The first parts of the family were available in 1976; by 2013 the company had shipped more than twelve billion individual parts, used in a wide variety of embedded systems.
The PIC was originally intended to be used with the General Instrument CP1600, the first commercially available single-chip 16-bit microprocessor. The CP1600 had a complex bus that made it difficult to interface with, and the PIC was introduced as a companion device offering ROM for program storage, RAM for temporary data handling, and a simple CPU for controlling the transfers. While this offered considerable power, GI's marketing was limited and the CP1600 was not a success. When the company spun off their chip division to form Microchip in 1985, sales of the CP1600 were all but dead. By this time, the PIC had formed a major market of its own, and it became one of the new company's primary products.
Early models only had mask ROM for code storage, but with its spinoff it was soon upgraded to use EPROM and then EEPROM which made it much easier for end-users to program. All current models use flash memory for program storage, and newer models allow the PIC to reprogram itself.

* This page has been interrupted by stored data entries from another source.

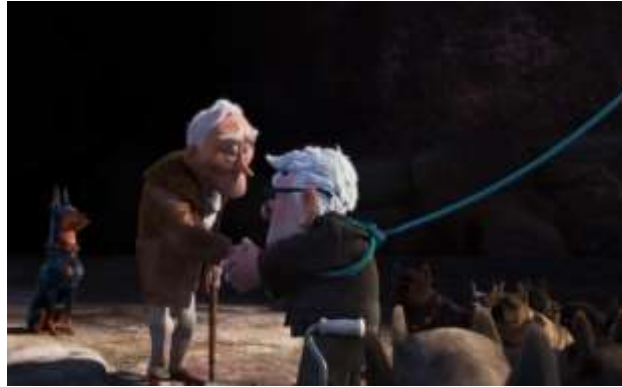
Figures: Carl Fredricksen, Russel and Charles Muntz
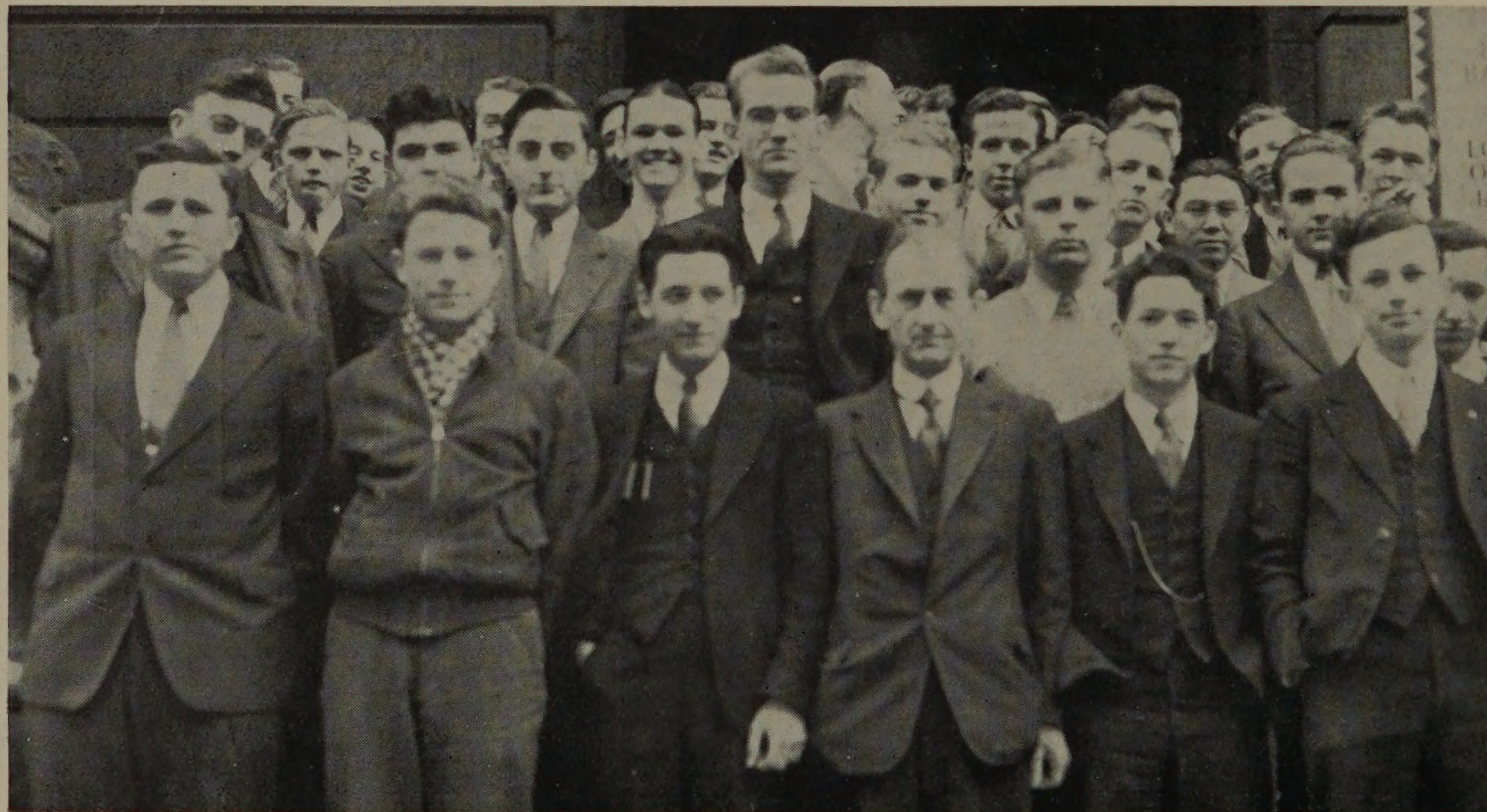
At the Art Institute with the Architects

Probably the most eventful occasion of the year for each freshman class has been its initiation into the society. Some time after Junior Week a date is designated as Hell Day, the evening of which has been previously selected for the annual banquet. In the morning the freshmen are given a sketch problem to be finished by noon and judged by the junior class in the afternoon. After their lunch they are appointed to gather on the porch of the Art Institute attired in their green hats, work gloves, a stocking muffler, and whatever else pleases the whims of the upperclassmen. They are marched into Grant Park, and from then on their troubles really begin. The great God of Architecture exacts many duties, and the culprits return, purified and chastised, from the field of honor, the proud possessors of a fellowship in the Armour Architectural Association. The evening banquet concludes the program.
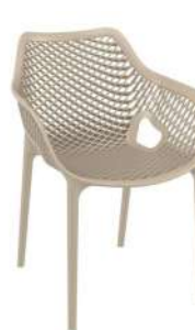
Rowner Arm Chair Taupe

BOX BASE TABLE WITH I SOTOP ADVANTAGE TOPS
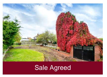
Planning Permission, 40 Moatbrook Lane, Codsall, WV8 1SD
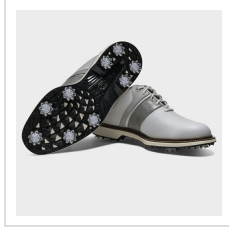
White/Steel Grey/Gunmetal (54562)
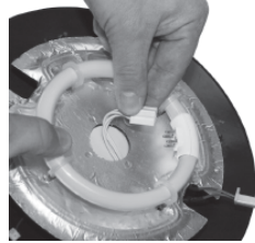
Disconnect the fan/switch connector
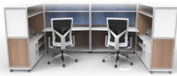
2 Pack Linear
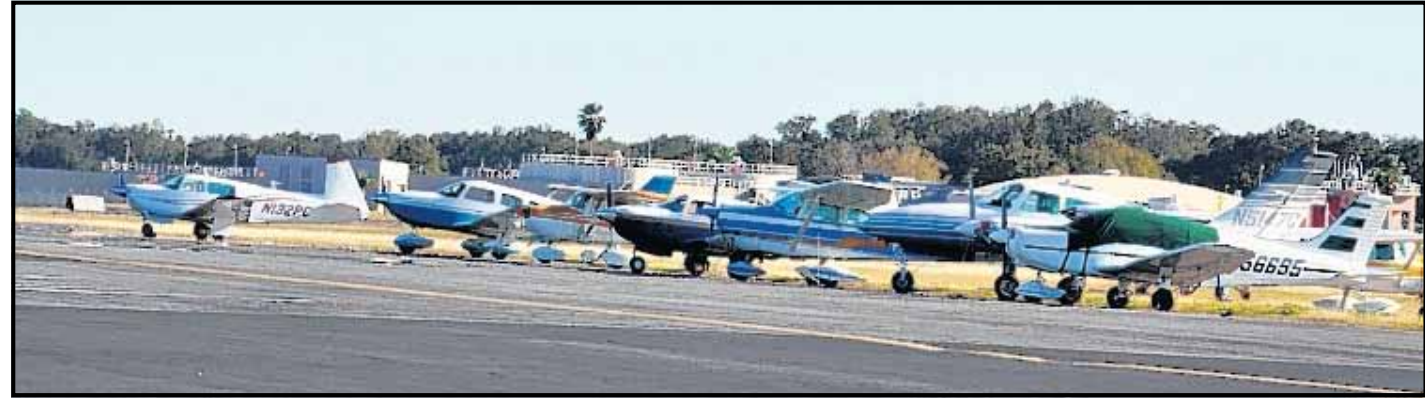
Taxiway B at Zephyrhills Municipal Airport will benefit from a $2 million grant from the U.S. Department of Transportation. Additional lighting is also included in the rehabilitation plan. File Photo
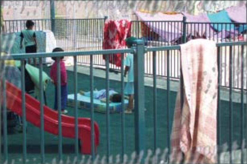
Children in playground at Woomera with hunger strike in background, January 2002

This publication provides a summary of the important issues, findings and recommendations of the National Inquiry into Children in Immigration Detention. It is not an exhaustive account of all the information contained in the Inquiry report.
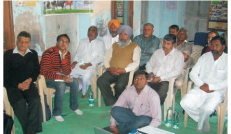
Meeting of Producer Company with NDDDB
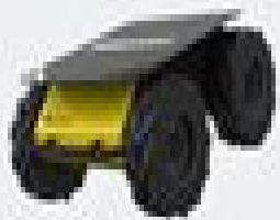
Autonomous mobile robots
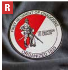
Old Bill magnetic decal
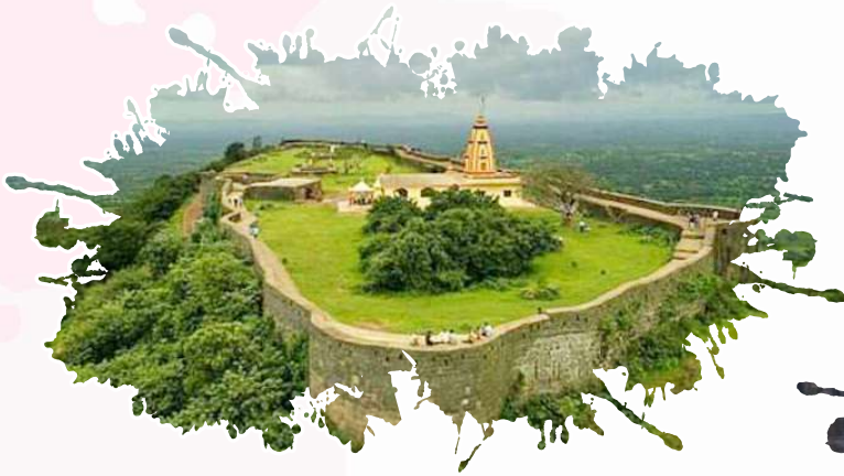
Rajhansgarh Yellur Fort
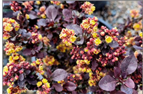
Concorde Japanese Barberry flowers

Concorde Japanese Barberry will grow to be about 18 inches tall at maturity, with a spread of 24 inches. It tends to fill out right to the ground and therefore doesn't necessarily require facer plants in front. It grows at a slow rate, and under ideal conditions can be expected to live for approximately 20 years.
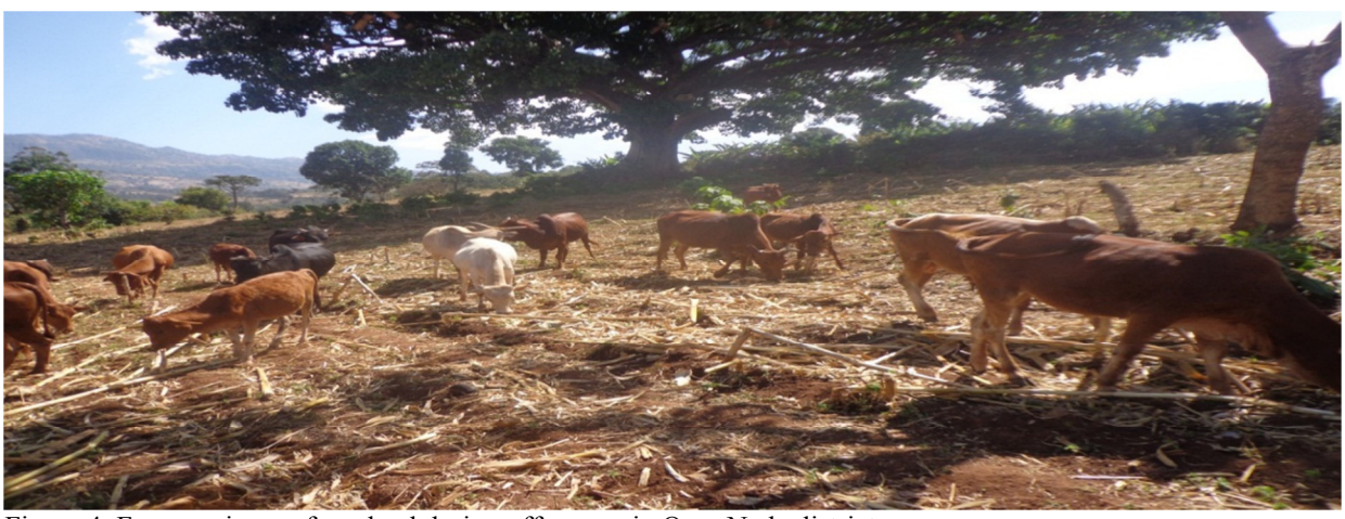
Figure 4. Free grazing on farm land during off season in Omo Nada district 3.4.5. Physical soil and water conservation measures

Physical measures are structures built for soil and water conservation by considering some principles that aimed to increase the time of concentration of runoff, thereby allowing more of it to infiltrate into the soil; divide a long slope into several short ones and thereby reducing amount and velocity of surface runoff; reduce the velocity of the surface runoff and protect against damage caused due to excessive runoff (Tidemann, 1996).
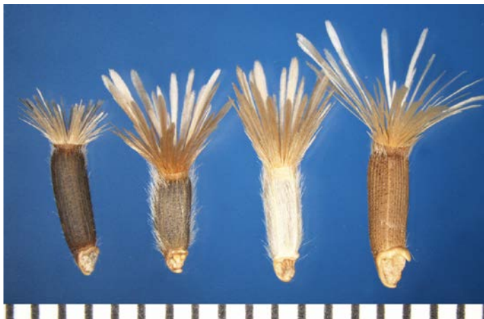
Amberboa moschata (L.) DC. [ Centaurea imperialis hort.; C. moschata L.] Sweet sultan

Fruits narrowly oblong to oblanceolate, slightly compressed, 3.5-5 mm long; smooth, dull, pubescent; dark brown to pale in color with numerous light-colored longitudinal lines; apical rim tan to brown, horizontal, margin crenulate to denticulate; pappus of several whorls of narrow, chaffy scales, each whorl progressively longer, 1/3 to nearly equal to fruit length, tan-colored, persistent; style base exposed; scar surrounded by a light-colored, thick, raised rim, +/- heart-shaped; elaiosome present at scar.
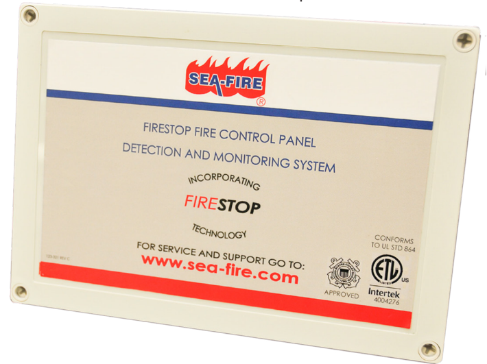
131-501 FireStop Fire Control Panel
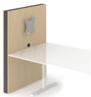
Media wall* with VESA mount CMZ123
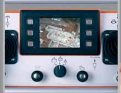
Work safely and precisely even in areas. with limited view with the live video transmission by video camera!

Since then the line has seen significant change; memory is now available in 8-bit, 16-bit, and, in latest models, 32-bit wide. Program instructions vary in bit-count by family of PIC, and may be 12, 14, 16, or 24 bits long. The instruction set also varies by model, with more powerful chips adding instructions for digital signal processing functions. The hardware implementations of PIC devices range from 6-pin SMD, 8-pin DIP chips up to 144-pin SMD chips, with discrete I/O pins, ADC and DAC modules, and communications ports such as UART, I2C, CAN, and even USB. Low-power and high-speed variations exist for many types.
The manufacturer supplies computer software for development known as MPLAB X, assemblers and C/C++ compilers, and programmer/debugger hardware under the MPLAB and PICKit series. Third party and some open-source tools are also available. Some parts have in-circuit programming capability; low-cost development programmers are available as well as high-volume production programmers.
PIC devices are popular with both industrial developers and hobbyists due to their low cost, wide availability, large user base, an extensive collection of application notes, availability of low cost or free development tools, serial programming, and re-programmable flash-memory capability.